Given this dataframe (which is a subset of mine):
username | user_message |
---|---|
Polop | I love this picture, which is very beautiful |
Artil | Meh |
Artingo | Es un cuadro preciosa, me recuerda a mi infancia. |
Zona | I like it |
Soi | Yuck, to say I hate it would be a euphemism |
Iyu | NaN |
What I'm trying to do is drop rows for which a number of words (tokens) is less than 5 words, and that are not written in English. I'm not familiar with pandas, so I imagined a not so pretty solution:
import pandas as pd
from langdetect import detect
index = 0
index_list = []
for review in df["user_message"]:
count = 0
if str(review) == "NaN":
index_list.append(index)
continue
for i in review:
if(i.isspace()):
count=count+1
if len(review) == 0:
index_list.append(index)
elif review.isspace() is True:
index_list.append(index)
elif count < 5:
index_list.append(index)
else:
try:
detect(review)
if detect(review) != "en":
index_list.append(index)
else:
pass
except:
pass
index = index + 1
df = df.drop(index_list, axis = 0).reset_index(drop = True)
This solution apparently is not working (I'm having blank lines that remains in my dataframe and row with only one word) and I'm sure that it exists another efficient method, that is faster. Do you have an idea on how to tackle this issue?
Thank you.
EDIT: So I finally got it to work, thanks to the answer of @ansev. Since TextBlob raises an error if too many requests are sent, I relied on the langdetect module. Here is the corresponding code:
m1 = df['user_message'].str.split(' ').str.len() > 5
m2 = df['user_message'].str.isspace()
df_filtered = df.loc[m1 | m2 == False].reset_index(drop=True)

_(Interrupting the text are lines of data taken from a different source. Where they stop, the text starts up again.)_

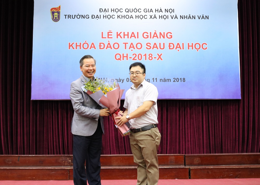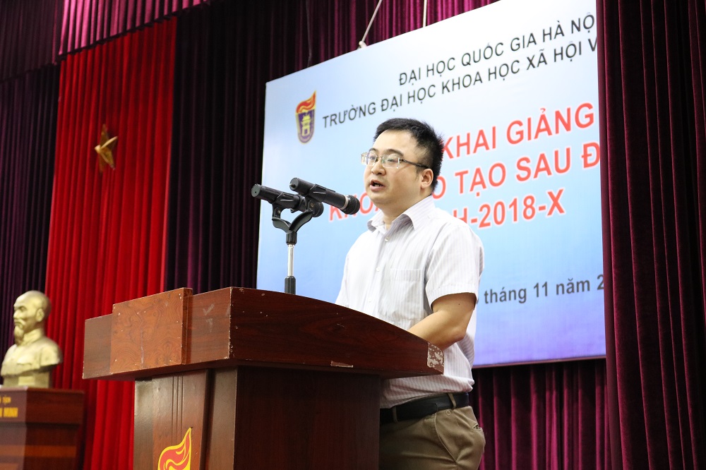Thay mặt Nhà trường, PGS.TS Bùi Thành Nam (Trưởng Phòng Đào tạo) đã công bố các quyết định và văn bản công nhận các nghiên cứu sinh (NCS) và học viên cao học (HVCH) trúng tuyển năm học 2018. Năm nay, Trường ĐHKHXH&NV có 46 NCS và 410 HVCH trúng tuyển; trong đó 118 HVCH trúng tuyển đợt I, 275 HVCH trúng tuyển đợt II, 17 HVCH là người nước ngoài.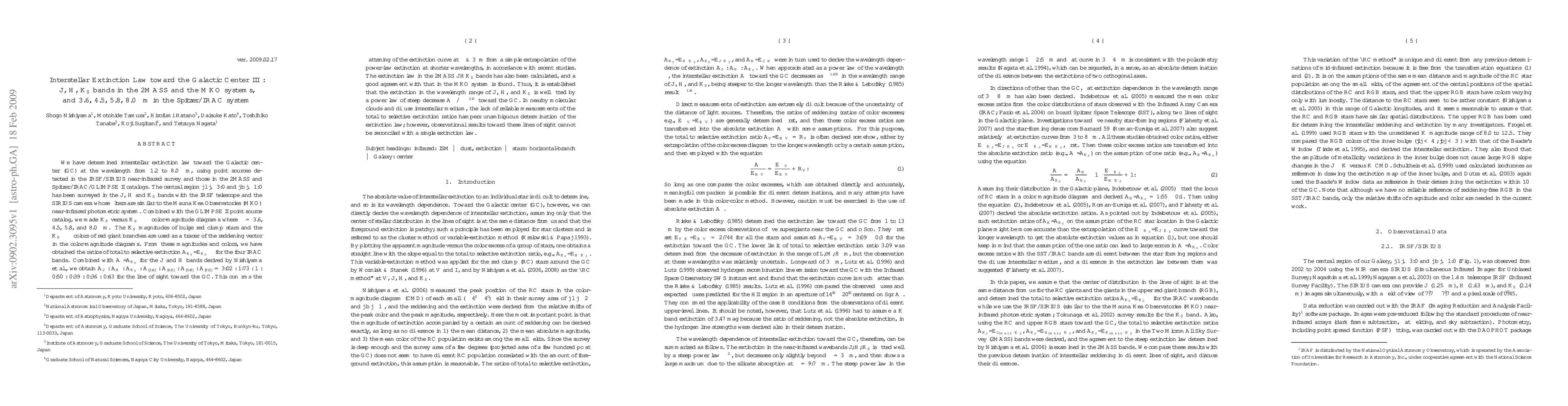 This paper determines the interstellar extinction law toward the Galactic Center in multiple infrared bands, confirming the flattening of the extinction curve at wavelengths greater than 3 microns. The study combines data from various surveys and catalogs to derive extinction ratios, showing good agreement between the 2MASS and MKO systems.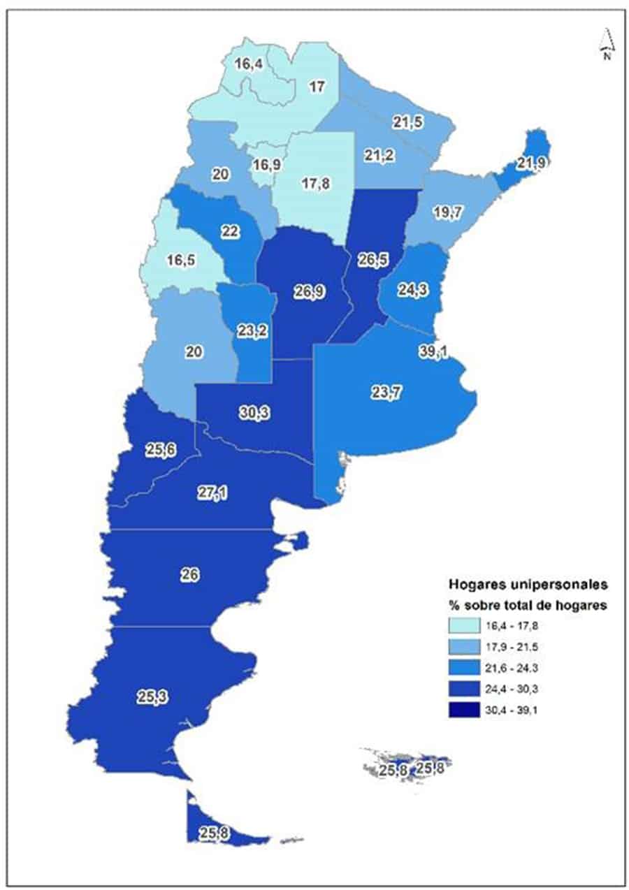 BUENOS AIRES.- Este tipo de hogares son muy importantes en CABA, donde alcanzan a 39,1% y al 17,9% de las personas. También es alta la participación de hogares unipersonales en las provincias pampeanas (Entre 26 y 30% en La Pampa, Córdoba, Santa Fe) y patagónicas (Entre 25 y 27% en Río Negro, Neuquén, Chubut, Santa Cruz y Tierra del Fuego). Por su parte, representan menos de 20% de los hogares urbanos en las provincias de San Juan, Tucumán, Salta, Santiago del Estero, Corrientes y Catamarca. En estas provincias hay más hogares numerosos (más de 5 miembros) que unipersonales.

m3 = df_filtered['user_message'].astype(str).apply(lambda x: detect(x) if len(x) >= 5).eq('en')
df_filtered = df_filtered.loc[m3].reset_index(drop=True)
I had to do m3 separately, since detect raises an error if it cannot identify the text (it is often cause by strings that only contains whitespaces, which is my I did the m2 condition, that checks if cells only contains whitespaces (thus returning True if that is the case)).